*** Opening EXTRACTED MATERIAL ***

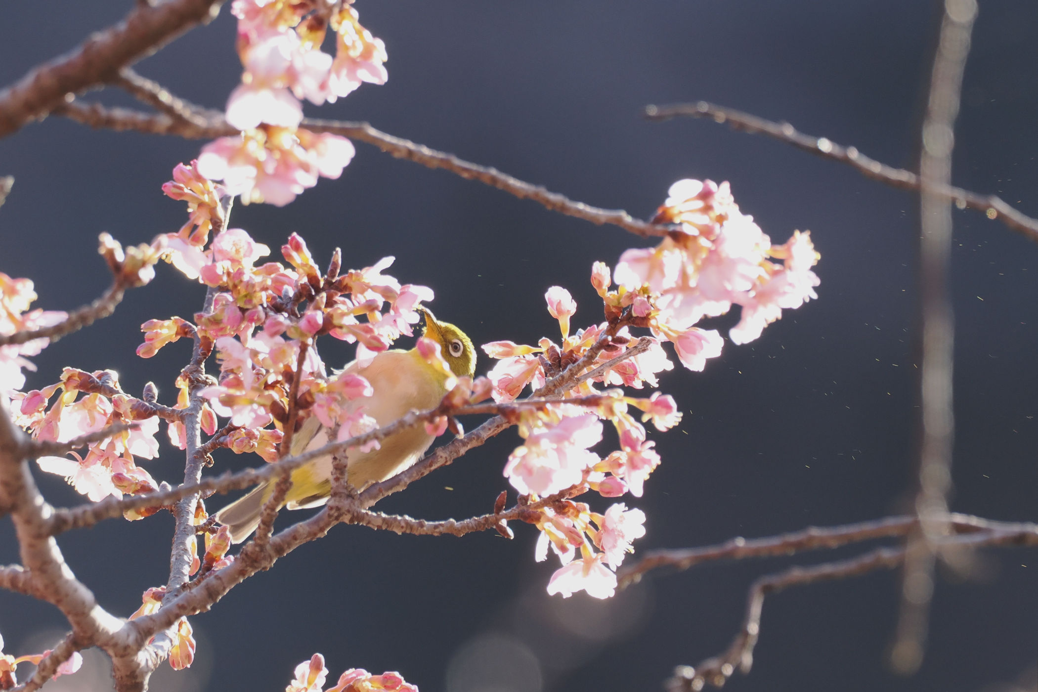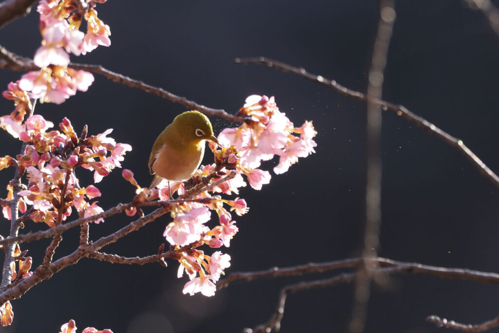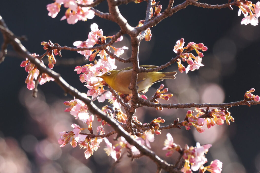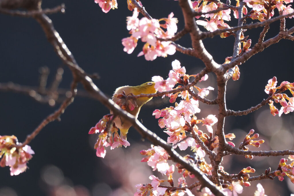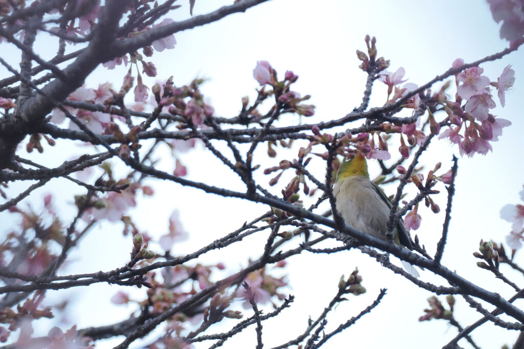 再び日が当たり始めた河津桜にメジロさん
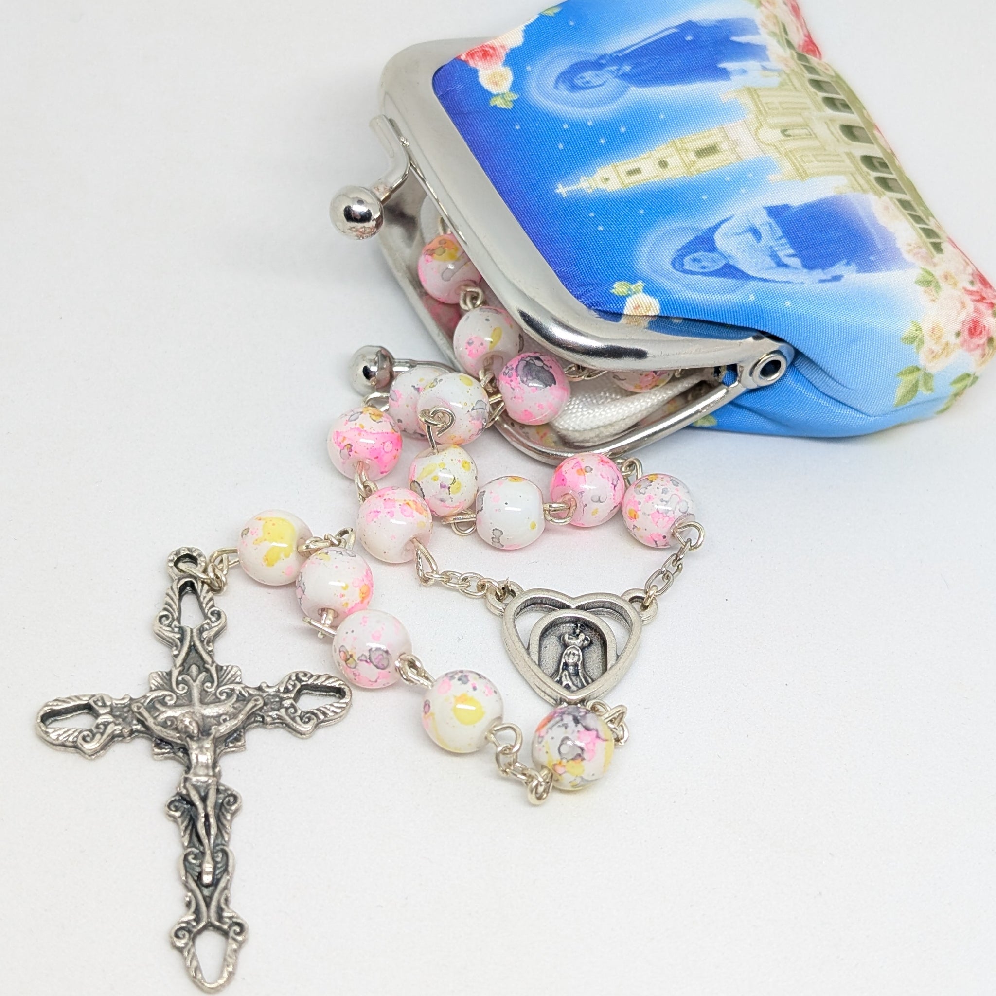 This beautiful and distinctive rosary features smooth, round crystal beads with a striking pink marble effect. The unique coloration makes it a vibrant and joyful piece for personal devotion or a special gift. It includes a classic, ornate Crucifix and a silver-toned heart centerpiece featuring a detailed Image of Our Lady of Fatima. The rosary comes complete with a charming, small Fatima Pouch printed with an image of Our Lady, providing a convenient and protected way to carry your spiritual aid.
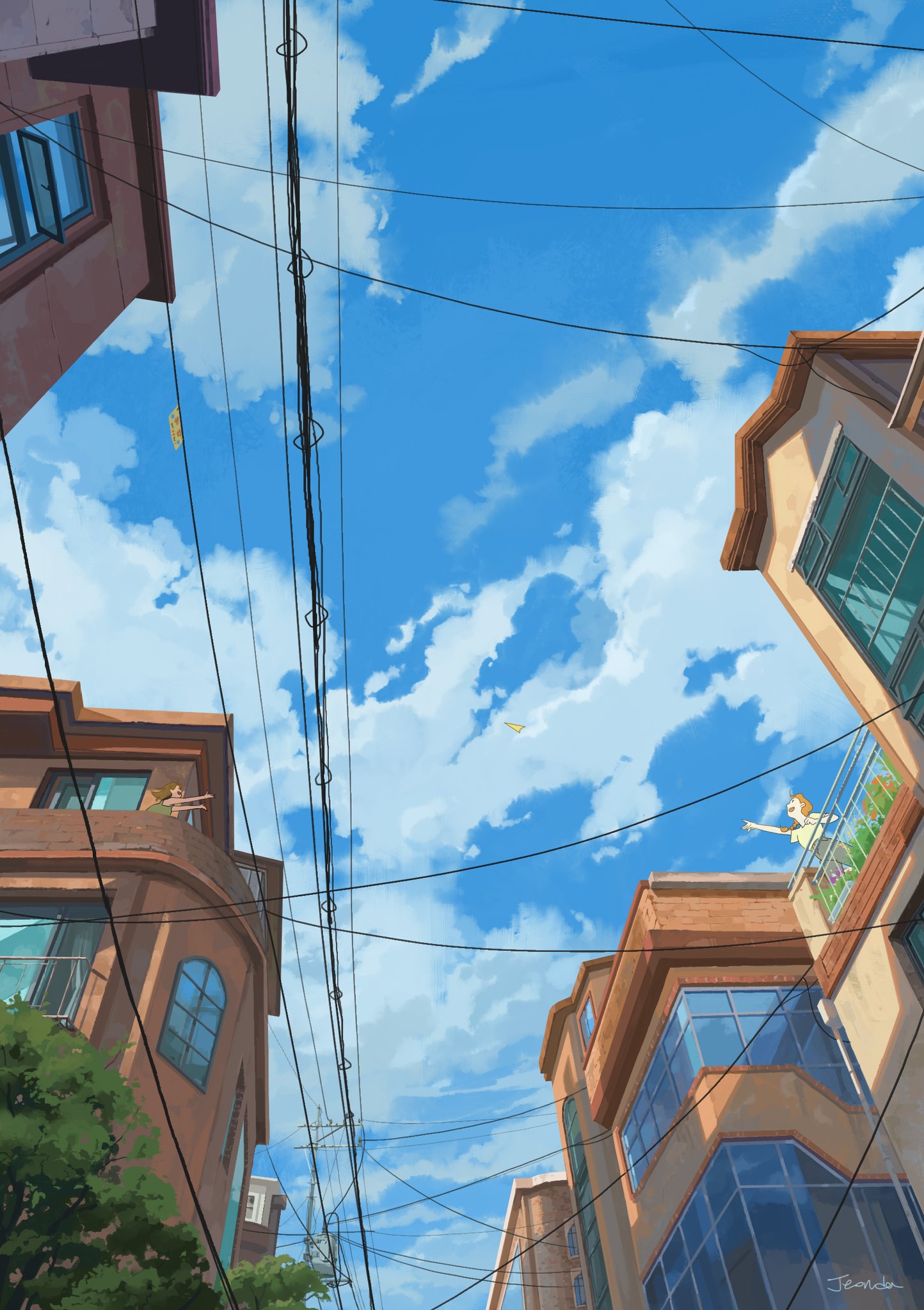 1girl1otherapartmentblue skybuildingcablecloudcloudy skydayfrom abovepower linessceneryskytea soteartreewindow
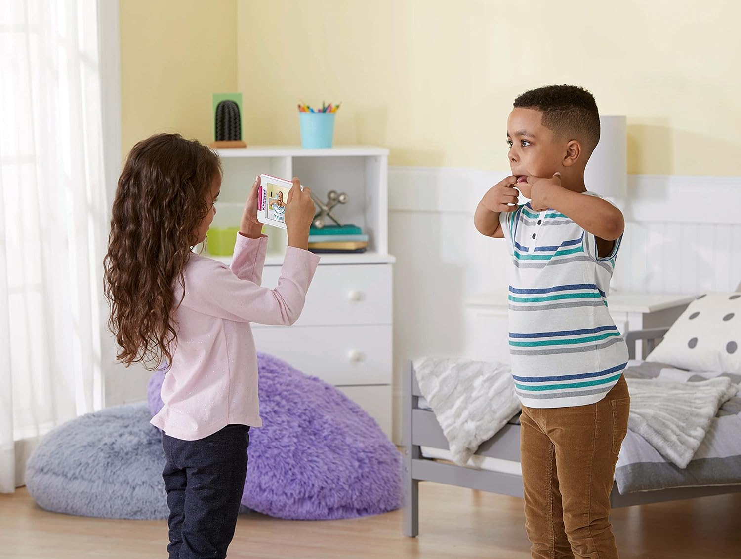 - Pajisje me ekran prekës 5 inç me efekte 3D dhe funksion zhbllokimi me gjeste, e projektuar për komunikimin e sigurt tekstual dhe videomesazhe me aplikacionin VTech KidConnect.
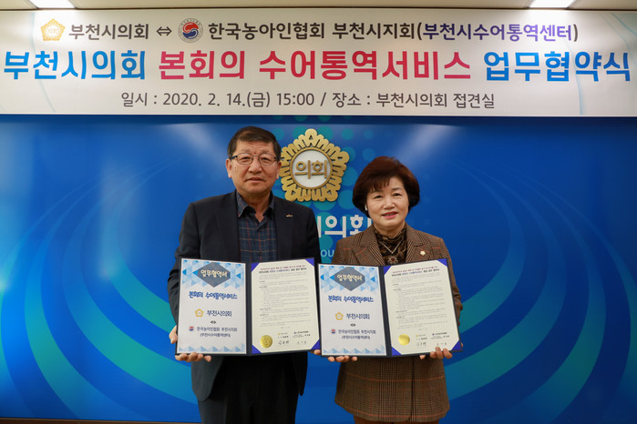 [부천=문찬식 기자] 경기 부천시의회는 최근 부천시수어통역센터(농아인협회 부천시지회)와 '본회의 수어통역 방송 지원을 위한 협약'을 체결했다.
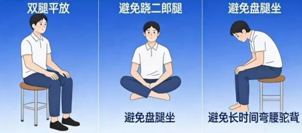 坐姿时尽量让双脚平放在地面上,保持腿部自然舒展,避免跷二郎腿、盘腿坐,也不要长时间弯腰驼背,这些不良姿势会直接压迫下肢静脉,影响血液正常回流。
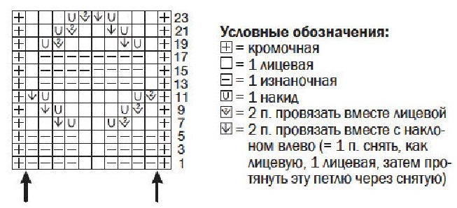 количество петель кратно 10 + 2 кромочные. Вязать по схеме. На ней приведены только лицевые ряды; в изнаночных рядах все петли и накиды вязать изнаночными. Повторять 1-24-й ряды. При выполнении убавок и прибавок следить за тем, чтобы количество накидов и провязанных вместе петель внутри узора было одинаковым.
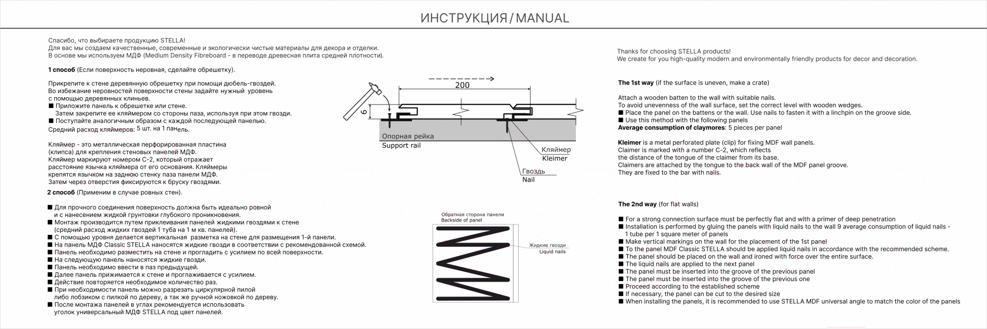 • Монтаж жидкие гвозди (клей), монтажная планка
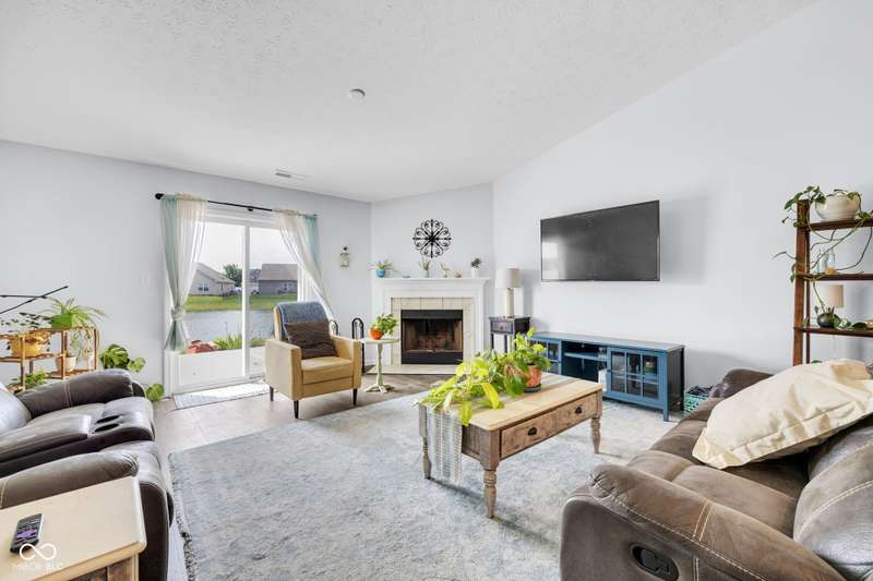 Autumn Woods :: Welcome to this beautifully maintained 2020 home featuring 4 bedrooms, 2 full baths, and a versatile den! Great vaulted ceilings and abundant natural light create an airy, open-concept living space that seamlessly connects the updated kitchen, dining area, and living room. The kitchen boasts a large center island, perfect for entertaining or casual meals. Cozy up by the fireplace or enjoy peaceful views of the pond through the expansive glass sliders. The main-floor primary suite includes a spacious walk-in closet and dual vanities. Two additional bedrooms, a full bath, and laundry are also conveniently located on the main level. Upstairs, you'll find a fourth bedroom or a perfect flex space for a second living room, guest suite, or office.
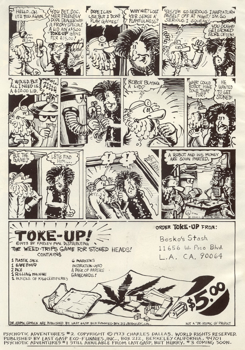 After the debut of Psychotic Adventures Illustrated, publisher Company & Sons fell on hard times (well, they were barely ever out of hard times) and soon went out of business. But Ron Turner and Last Gasp picked up the title created by Charles Dallas and published a second issue, printing 5,000 more copies than were printed of the first.
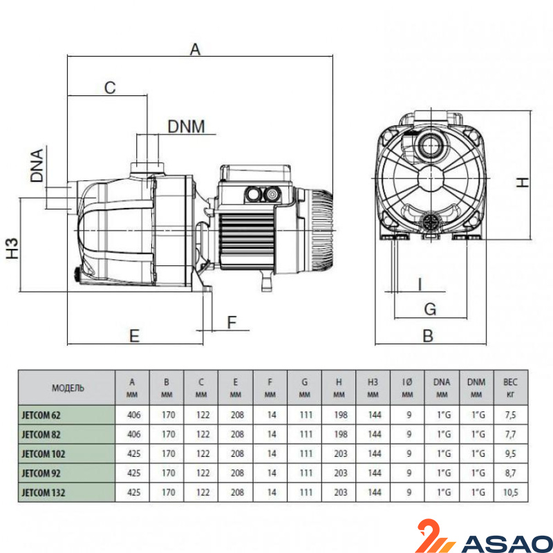 Поверхностный самовсасывающий центробежный насос DAB JETCOM 132 M имеет значительную всасывающую способность даже в том случае, когда вода наполнена пузырьками или небольшим количеством взвешенного песка.
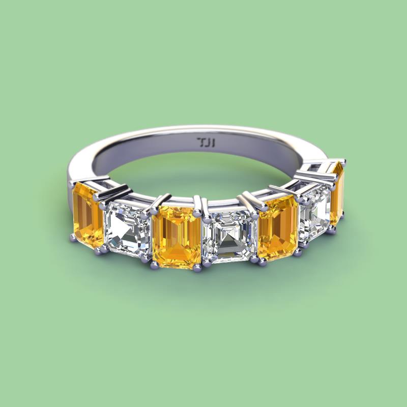 Looking for a vintage style wedding band? Look no further. This band features a center Four Emerald Cut Citrine plus three Asscher Cut Diamond is stunning enough to stand alone.

*** Closing EXTRACTED MATERIAL ***

» TASK TO COMPLETE: In the listing above, find the line containing "坐姿时尽量让双脚平放在地面上" and the line containing "количество петель кратно". Print those two lines and every line between them exactly, with no pictures.

» ANSWER BOX:
 坐姿时尽量让双脚平放在地面上,保持腿部自然舒展,避免跷二郎腿、盘腿坐,也不要长时间弯腰驼背,这些不良姿势会直接压迫下肢静脉,影响血液正常回流。
 количество петель кратно 10 + 2 кромочные. Вязать по схеме. На ней приведены только лицевые ряды; в изнаночных рядах все петли и накиды вязать изнаночными. Повторять 1-24-й ряды. При выполнении убавок и прибавок следить за тем, чтобы количество накидов и провязанных вместе петель внутри узора было одинаковым.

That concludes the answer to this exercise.